Pourtant, la veille, Benoit Labonté avait juré, la main sur le coeur, qu'il ne connaissait pas Tony Accurso. Et Louise Harel l'avait appuyé.

Hier matin, à l'aube, Louise Harel a donc appelé Benoit Labonté. Elle ne lui a pas laissé le choix: il allait à TVA sur le champ pour s'expliquer ou il démissionnait.

Il a démissionné.

Tiens, tiens.

* * *

Hier, pendant le point de presse, Mme Harel en a profité pour égratigner Gérald Tremblay. «Benoit Labonté, a-t-elle dit, est le bouc émissaire d'un système de financement qui a très certainement infiltré le parti du maire.»

Bouc émissaire? Louise Harel n'avait pas encore vu le reportage de TVA diffusé quelques heures plus tard pour dire une chose pareille. TVA a affirmé qu'une dizaine d'entrepreneurs liés à la construction ont allongé plus de 200 000$ pour aider Benoit Labonté à devenir chef de Vision Montréal.

Mme Harel est-elle naïve ou aveugle? De l'aveuglement volontaire, peut-être, la spécialité du maire Tremblay?

Benoit Labonté a été congédié. Mais est-ce que son départ règle les problèmes des enveloppes brunes et du copinage avec les entrepreneurs? Un homme part, mais le système reste? La même question se pose pour le maire Tremblay.

Le problème, c'est qu'il n'y aucune loi qui encadre le financement des courses à la direction des partis. Rien. Les enveloppes brunes peuvent circuler à gogo, tout est légal.

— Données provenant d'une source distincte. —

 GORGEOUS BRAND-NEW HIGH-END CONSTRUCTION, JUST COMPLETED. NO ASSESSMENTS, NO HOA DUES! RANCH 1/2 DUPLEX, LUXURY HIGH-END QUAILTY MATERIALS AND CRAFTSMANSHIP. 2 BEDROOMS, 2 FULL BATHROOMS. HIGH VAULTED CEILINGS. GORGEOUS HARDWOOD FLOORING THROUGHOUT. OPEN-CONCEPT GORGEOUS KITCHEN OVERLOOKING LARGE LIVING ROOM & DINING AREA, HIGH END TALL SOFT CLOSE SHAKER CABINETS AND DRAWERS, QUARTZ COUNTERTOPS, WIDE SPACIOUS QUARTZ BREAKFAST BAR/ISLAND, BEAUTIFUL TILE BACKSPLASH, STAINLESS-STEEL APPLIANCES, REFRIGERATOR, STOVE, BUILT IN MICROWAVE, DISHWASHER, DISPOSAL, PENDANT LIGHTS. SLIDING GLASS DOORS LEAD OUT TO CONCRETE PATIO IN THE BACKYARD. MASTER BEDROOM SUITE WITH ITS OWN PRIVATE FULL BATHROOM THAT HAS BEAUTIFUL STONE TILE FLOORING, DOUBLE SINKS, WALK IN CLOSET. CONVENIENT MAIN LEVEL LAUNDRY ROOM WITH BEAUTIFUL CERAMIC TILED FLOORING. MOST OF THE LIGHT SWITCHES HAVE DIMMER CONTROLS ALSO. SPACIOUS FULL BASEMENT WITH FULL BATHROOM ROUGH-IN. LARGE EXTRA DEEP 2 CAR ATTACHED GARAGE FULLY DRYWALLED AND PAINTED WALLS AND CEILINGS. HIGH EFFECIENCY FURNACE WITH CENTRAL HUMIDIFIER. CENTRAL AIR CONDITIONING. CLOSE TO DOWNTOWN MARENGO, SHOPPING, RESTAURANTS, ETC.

Légal, mais immoral. Car ces entrepreneurs risquent de devenir gourmands: je finance ton élection, mais tu me refiles un contrat.

Qu'est-ce que le gouvernement attend pour encadrer le monde municipal? Quand on voit un entrepreneur faire la pluie et le beau temps à Boisbriand, quand les élus sont copains-copains avec les entrepreneurs, on se dit: «C'est le far west».

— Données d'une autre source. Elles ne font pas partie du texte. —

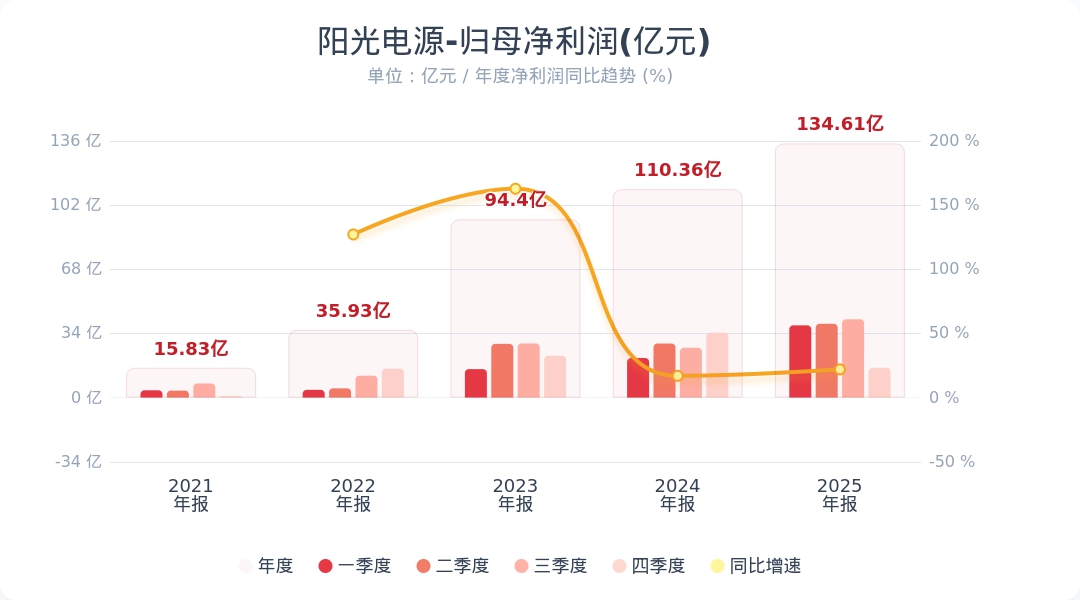 阳光电源:2025年度净利润135亿元同比增长22% 拟10派6.9元

Et le gouvernement se tourne les pouces.

Mme Harel s'est vantée d'avoir réagi rapidement. Il y a tout de même eu deux semaines de délai entre les premières allégations et le renvoi de Benoit Labonté. Une éternité en politique, surtout en campagne électorale.

* * *

Un mot sur Pierre Lampron, le nouveau bras droit de Mme Harel. Si elle est élue maire de Montréal, il deviendra président du comité exécutif.

M. Lampron est un néophyte. Il ne connaît rien à la politique et il n'a jamais été candidat. C'est un homme impliqué dans la culture. Comment pourra-t-il gouverner une ville pratiquement ingouvernable, lui, un débutant? A-t-il déjà assisté à un conseil municipal?

«Pour être efficace, il faut s'organiser efficacement», a-t-il dit, hier, pendant le point de presse. Pas fort-fort. Mais Montréal a vu pire. L'ex-maire Pierre Bourque avait nommé Jean Fortier, un homme sans expérience, président du comité exécutif. Son passage a été désastreux.

Est-ce que Montréal peut se permettre de prendre de tels risques?